Identification of N,N',N″-triacetylfusarinine C as a key metabolite for root rot disease virulence in American ginseng.

BACKGROUND: It is estimated that 20-30% of ginseng crops in Canada are lost to root rot each harvest. This disease is commonly caused by fungal infection with Ilyonectria, previously known as Cylindrocarpon. Previous reports have linked the virulence of fungal disease to the production of siderophores, a class of small-molecule iron chelators. However, these siderophores have not been identified in Ilyonectria. METHODS: High-resolution LC-MS/MS was used to screen Ilyonectria and Cylindrocarpon strain extracts for secondary metabolite production. These strains were also tested for their ability to cause root rot in American ginseng and categorized as virulent or avirulent. The differences in detected metabolites between the virulent and avirulent strains were compared with a focus on siderophores. RESULTS: For the first time, a siderophore N,N',N″-triacetylfusarinine C (TAFC) has been identified in Ilyonectria, and it appears to be linked to disease virulence. Siderophore production was suppressed as the concentration of iron increased, which is in agreement with previous reports. CONCLUSION: The identification of the siderophore produced by Ilyonectria gives us further insight into the root rot disease that heavily affects ginseng crop yields. This research identifies a molecular pathway previously unknown for ginseng root rot and could lead to new disease treatment options.

Metabolomic Profiling of Fungal Pathogens Responsible for Root Rot in American Ginseng.

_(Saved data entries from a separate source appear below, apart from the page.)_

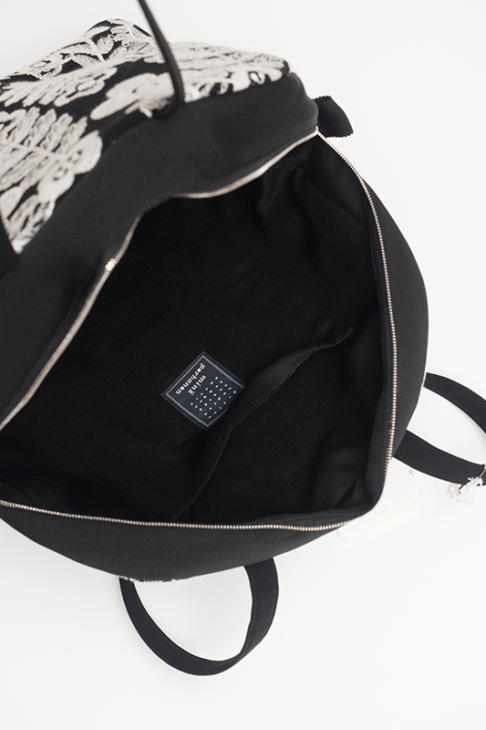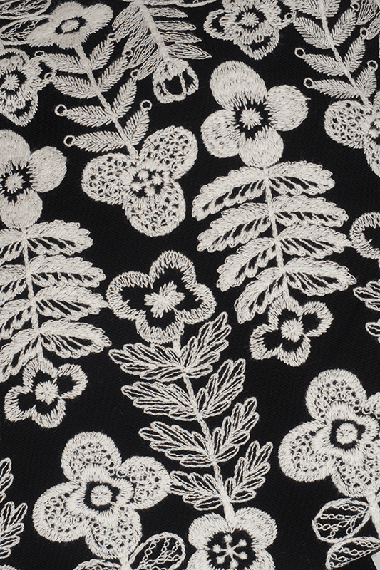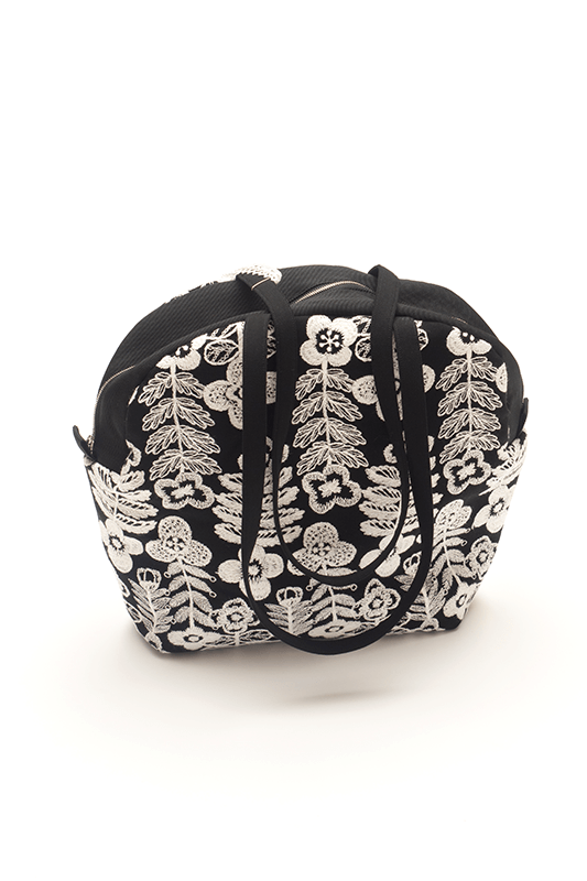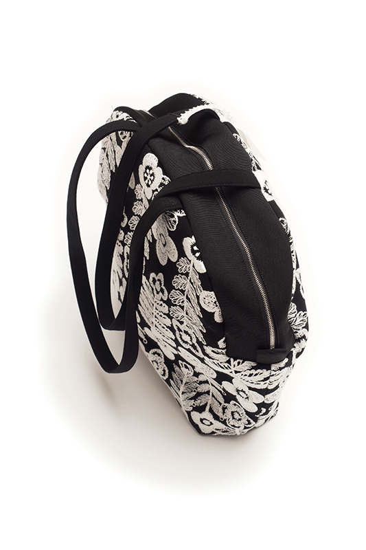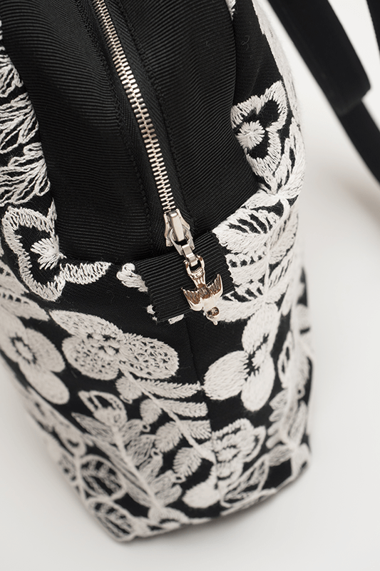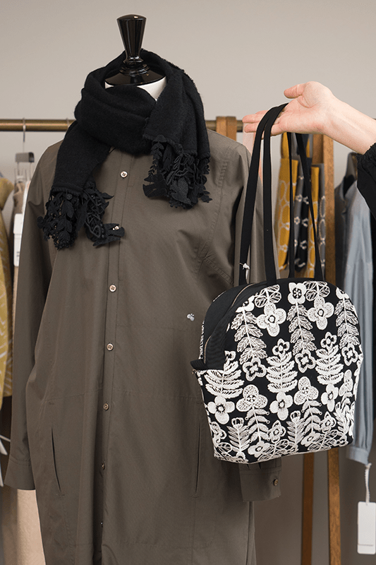 細かなラインで描かれた草花の刺繍が広がるバッグです。お花の周りに蝶々が舞い、暖かな光を浴びて花びらや葉っぱが楽しそうに風に揺れ動く姿を想い描いています。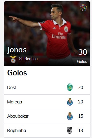 在本菲卡的队史上,若纳斯是第二位至少2次完成单赛季30粒(及以上)联赛进球的球员,上一位可以完成这项壮举的球员是“黑豹”尤西比奥。除此之外,他还是队史上完成单赛季进球30+第二年长的球员。(若纳斯现在33岁,曼努埃尔-费尔南德斯曾在34岁实现了单赛季进球30+的突破,并拿到当赛季的最佳射手)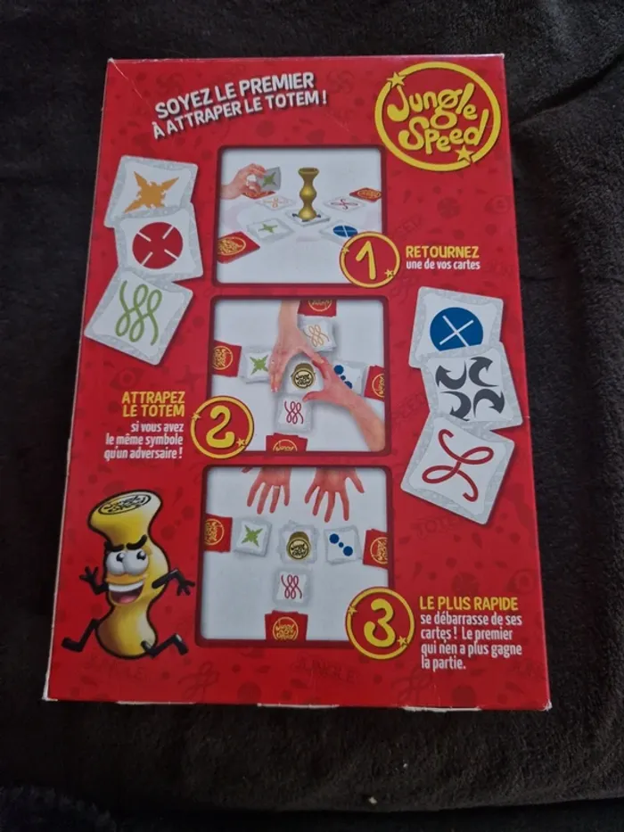 Vend jeu de société Jungle Speed En bon état Juste la boîte un peut usé sur les coins et un carte un petit peu abîmée voir photo Pour plus de renseignements ou photo je reste à votre disposition Prix négociable dans la limite du raisonnable

Ginseng root is an economically valuable crop in Canada at high risk of yield loss caused by the pathogenic fungus Ilyonectria mors-panacis, formerly known as Cylindrocarpon destructans. While this pathogen has been well-characterized from morphological and genetic perspectives, little is known about the secondary metabolites it produces and their role in pathogenicity. We used an untargeted tandem liquid chromatography-mass spectrometry (LC-MS)-based approach paired with global natural products social molecular networking (GNPS) to compare the metabolite profiles of virulent and avirulent Ilyonectria strains. The ethyl acetate extracts of 22 I. mors-panacis strains and closely related species were analyzed by LC-MS/MS. Principal component analysis of LC-MS features resulted in two distinct groups, which corresponded to virulent and avirulent Ilyonectria strains. Virulent strains produced more types of compounds than the avirulent strains. The previously reported I. mors-panacis antifungal compound radicicol was present. Additionally, a number of related resorcyclic acid lactones (RALs) were putatively identified, namely pochonins and several additional derivatives of radicicol. Pochonins have not been previously reported in Ilyonectria spp. and have documented antimicrobial activity. This research contributes to our understanding of I. mors-panacis natural products and its pathogenic relationship with ginseng.